Crown Law Office

Agency overview
- Formed: 1875 (Solicitor-General)
- Jurisdiction: New Zealand
- Headquarters: Level 2, Justice Centre, 19 Aitken St, Wellington WELLINGTON 6011
- Employees: 199 FTE staff (30 June 2020)
- Annual budget: Vote Attorney-General Total budget for 2019/20 ▲$73,379,000
- Minister responsible: Chris Bishop Attorney-General;
- Agency executive: Una Jagose KC, Chief Executive and Solicitor-General;
- Website: www.crownlaw.govt.nz

= Crown Law Office (New Zealand) =

The Crown Law Office (Crown Law; Te Tari Ture o te Karauna) is the public service department charged with advising the New Zealand Government on legal affairs, representing the government in appellate cases, and overseeing the prosecution of criminal offences before the courts.

== Law officers of the Crown ==

The offices of the attorney-general and solicitor-general are the principal legal advisers to the New Zealand Government, and act as the Crown's representatives in court. The attorney-general is by tradition a ministerial position, and is filled by a member of parliament. The solicitor-general, since 1875, is a non-political appointee, and also serves as the chief executive of the Crown Law Office.

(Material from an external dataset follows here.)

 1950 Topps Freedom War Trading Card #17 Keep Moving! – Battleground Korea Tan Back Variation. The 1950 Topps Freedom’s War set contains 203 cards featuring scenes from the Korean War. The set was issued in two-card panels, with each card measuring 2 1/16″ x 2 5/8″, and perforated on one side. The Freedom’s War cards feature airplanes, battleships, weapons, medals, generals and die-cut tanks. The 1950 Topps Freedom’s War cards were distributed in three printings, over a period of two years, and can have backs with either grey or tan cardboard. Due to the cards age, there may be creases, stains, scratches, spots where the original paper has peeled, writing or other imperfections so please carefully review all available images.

The positions of attorney-general and solicitor-general were established in England in 1243 and 1461 respectively. The solicitor-general was a sub-ordinate office to the attorney-general.

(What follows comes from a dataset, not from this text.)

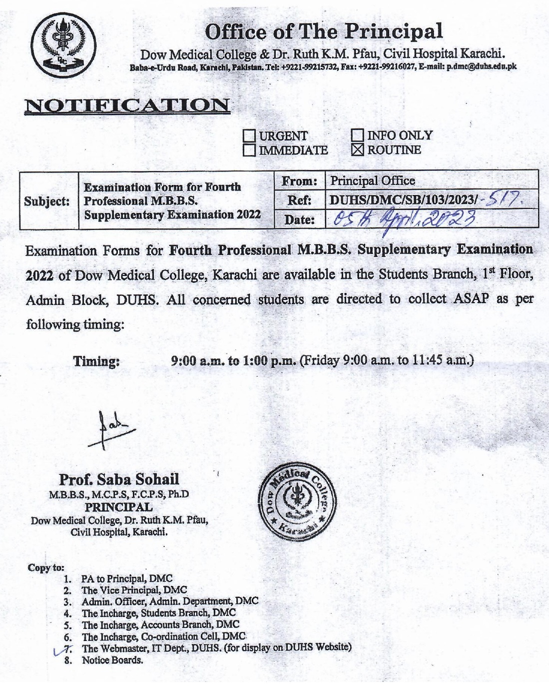 Examination Form for Fourth Professional MBBS Supplementary Examination 2022

New Zealand has had its own attorney-general since 1841. The position of solicitor-general was not established until 1867 and was initially a political office as it currently is in England. In 1875, the office became a permanent government position, with Walter Scott Reid as the first non-political solicitor-general. He remained in the position for the next 25 years. During this period the roles and responsibilities of the attorney-general and the solicitor-general were the subject of some debate and clarification by the Supreme Court.

==Crown Law Office==
The Crown Law Office was formed to provide legal and administrative support to the solicitor-general. Its role was mainly advisory, but did include the drafting of legislation until a separate Law Drafting Office was formed in 1907. When John W Salmond became solicitor-general in 1910, all Crown legal work and the conduct of criminal prosecutions in Wellington became the responsibility of the Crown Law Office. The Law Drafting Office ceased to be the responsibility of the solicitor-general in 1918 when it was given statutory recognition and became what is now known as the Parliamentary Counsel Office.

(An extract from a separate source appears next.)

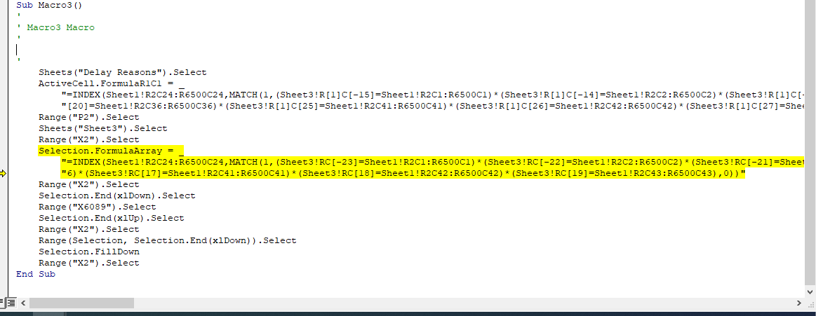 Run Time Error 1004- Long Array Formula in VBA (How to split the code in VBA)

The main purpose of the Crown Law Office is to assist the attorney-general and the solicitor-general in carrying out their legal responsibilities and obligations. In addition to legal and administrative support, the Office is accountable for:
- supporting and assisting the Attorney General and solicitor-general in the performance of their statutory and other function as Law Officers of the Crown;
- assisting the solicitor-general with the conduct of criminal appeals;
- assisting the solicitor-general in the supervision, direction and performance of regional Crown Solicitors in their prosecution functions including administration of the Crown Solicitor's Regulations 1994; and
- providing advice on the establishment and development of legal service provision within government departments and agencies

Today, the Crown Law Office operates as a government department with the solicitor-general as its chief executive. The office has more than 70 legal staff and a similar number of support staff. The scope and range of legal work undertaken has expanded to meet the full range of activities undertaken by the government in commercial, economic and social areas.

==Role of Crown Solicitor==
The Crown Solicitor network began in the 1920s when P S K Macassey resigned from the Crown Law Office to enter private practice. He was allowed to continue his Wellington-based criminal prosecution work. Some years later a similar arrangement was made with V R S Meredith QC, (later Sir Vincent Meredith), who later became the Crown Solicitor in Auckland.